Blasts from the Pasts.

If you are just joining us, the recent deal is that I have to go to school on Tuesday and Thursday mornings, and the sun doesn’t come up early enough yet for me to visit the park before school. Two days ago, I tried to get by with a late afternoon visit, but the results were meager. I will try again this afternoon, just for the practice, but in the meantime, here are some pictures from the not-too-distant past that I haven’t shown you yet.

Back on December 22 “the sun rose on crystal-clear skies, bracingly-cold air, and a stiff breeze out of the west-northwest,” but it turned out to be a good morning for little birds, and here’s another look at a black-capped chickadee that was sticking close to the ground.

Later that morning, when the sun was high enough to light everything up, this white-breasted nuthatch gave us a look.

The next day, December 23, wasn’t quite so sunny, and here’s another look at one of the house finches foraging just above the riverbank at the far north end.

Fast forward nearly a month to January 18 when “the temperature was pretty mild for the season, and the winds were nice and light”, and several of the megafauna made surprise appearances. First there was the trio of deer crossing the river on the ice by the abandoned bridge abutment. The far shore is clear enough there that I was able to capture this image of one of the deer strolling up the so-called “Westabrook Trail“.

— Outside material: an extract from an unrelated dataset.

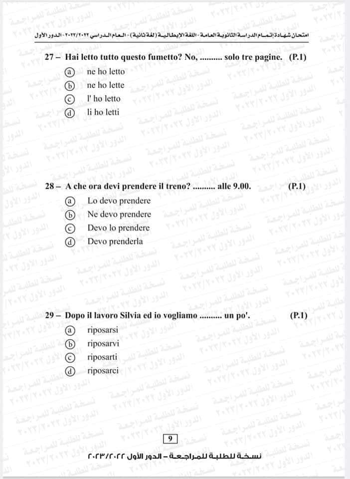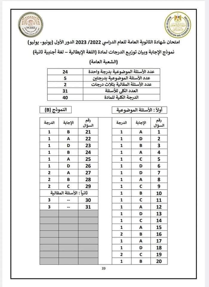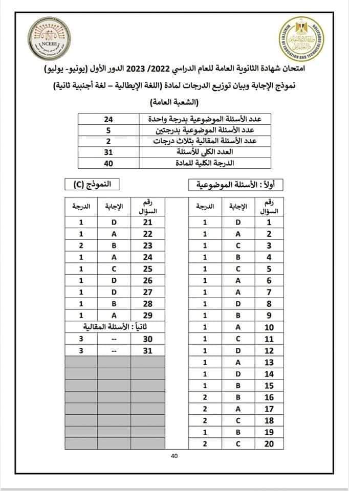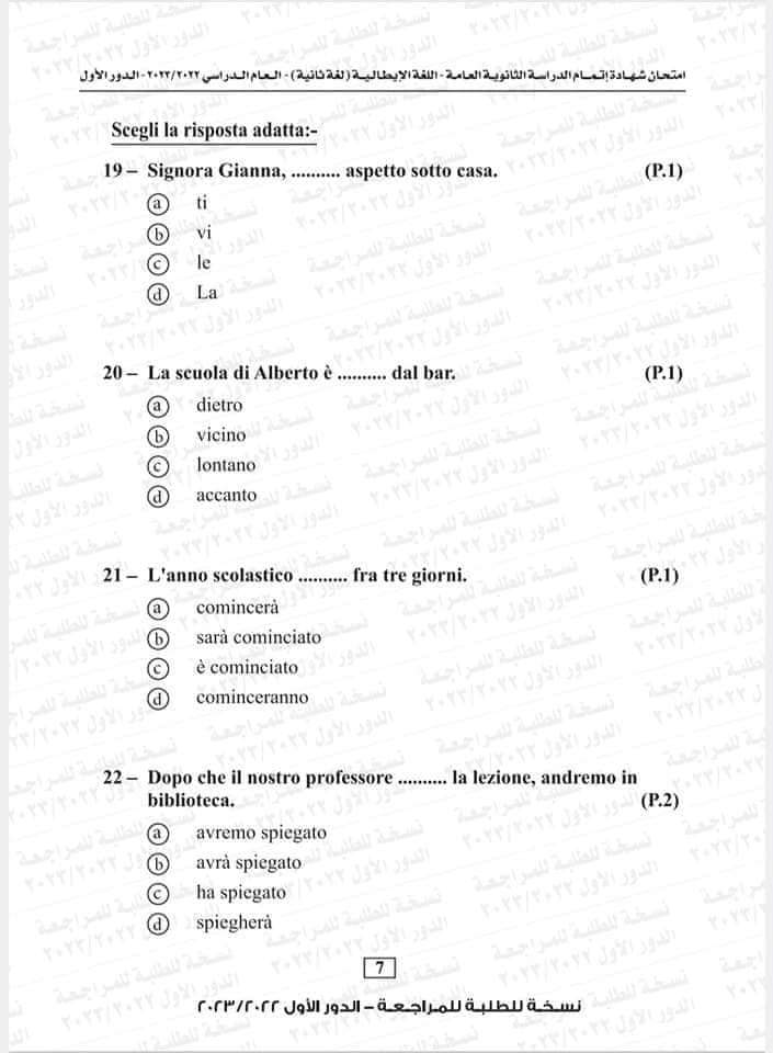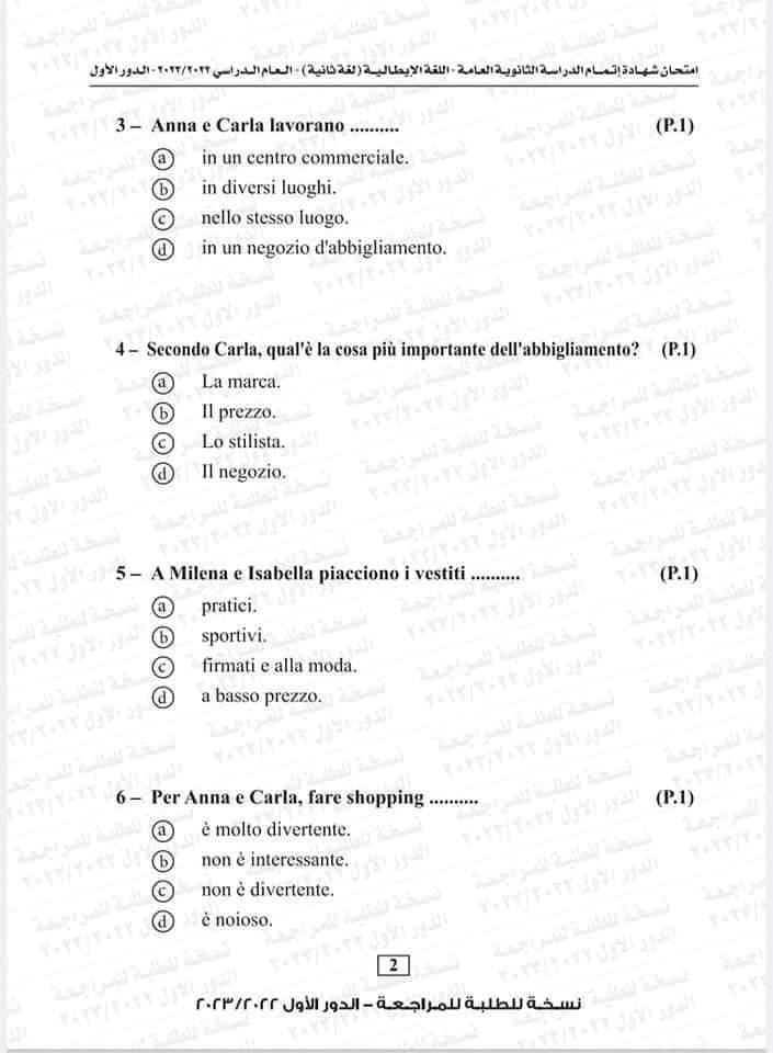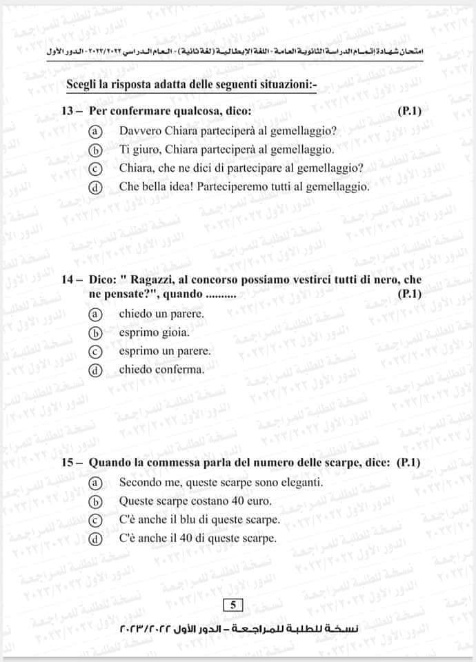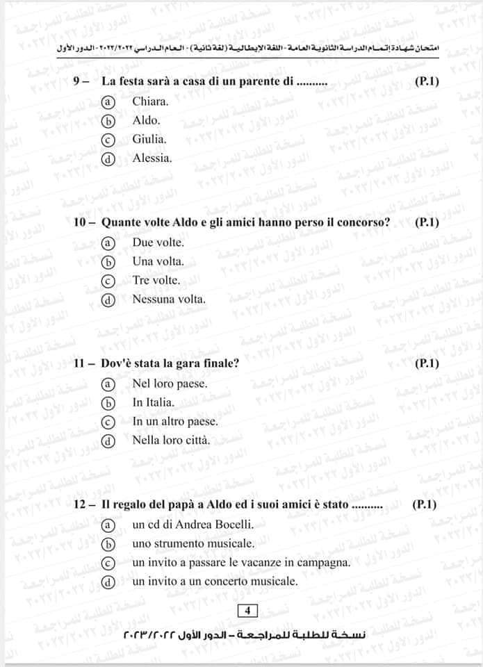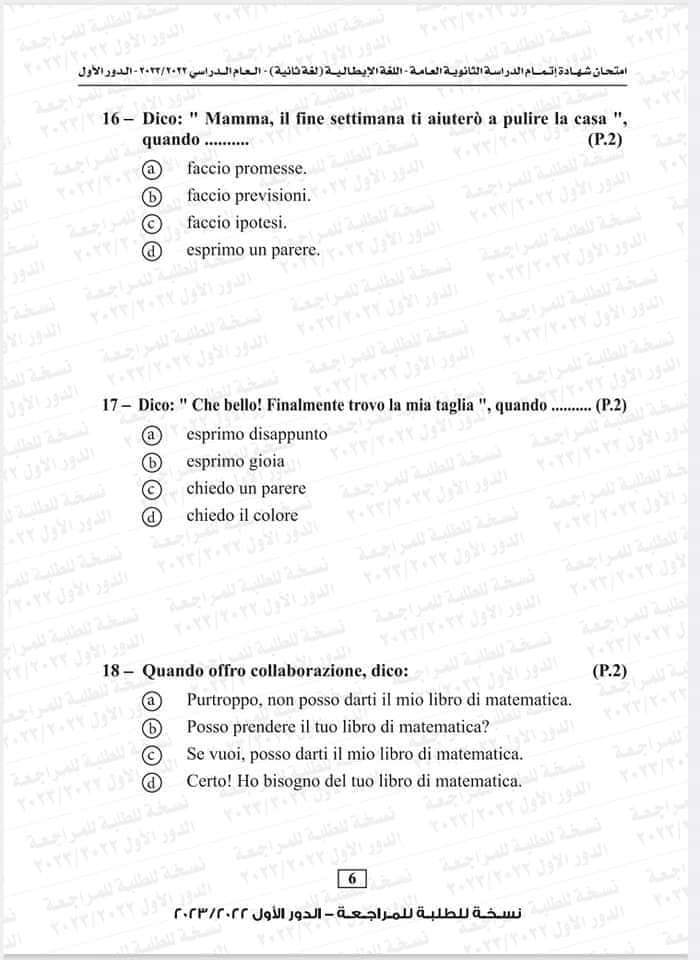 نموذج امتحان اللغة الإيطالية العام السابق 2023

On that same day, if you can believe it, a few crows and mallards alerted be to a rare appearance of the great horned owl above the southern island.

Finally, still on that same day and perhaps the most surprising of all, a great blue heron was back to fishing on the river at the top of the mild rapids where the open water resumes. In this image, you can see it taking a quick glance skyward. Yes, that’s ice in the background.

Well, that’s our “blast-from-the-past” for now, and if I see anything interesting or pretty this afternoon, I’ll be sure to show you the pictures tomorrow.

Published by Andrew Dressel

Theoretical and Applied Bicycle Mechanic, and now, apparently, Amateur Naturalist. In any case, my day job is teaching mechanics at UWM.

2 thoughts on “Blasts from the Pasts.

  1. I nominate that nuthatch for one of the Signs Of Life In Estabrook Park (SoLiEP) all time best photos.

    Andy, I’m thinking you might hold a recurring contest (annual or seasonal) for your readers to determine the best photos you’ve posted and have those all posted here on the blog.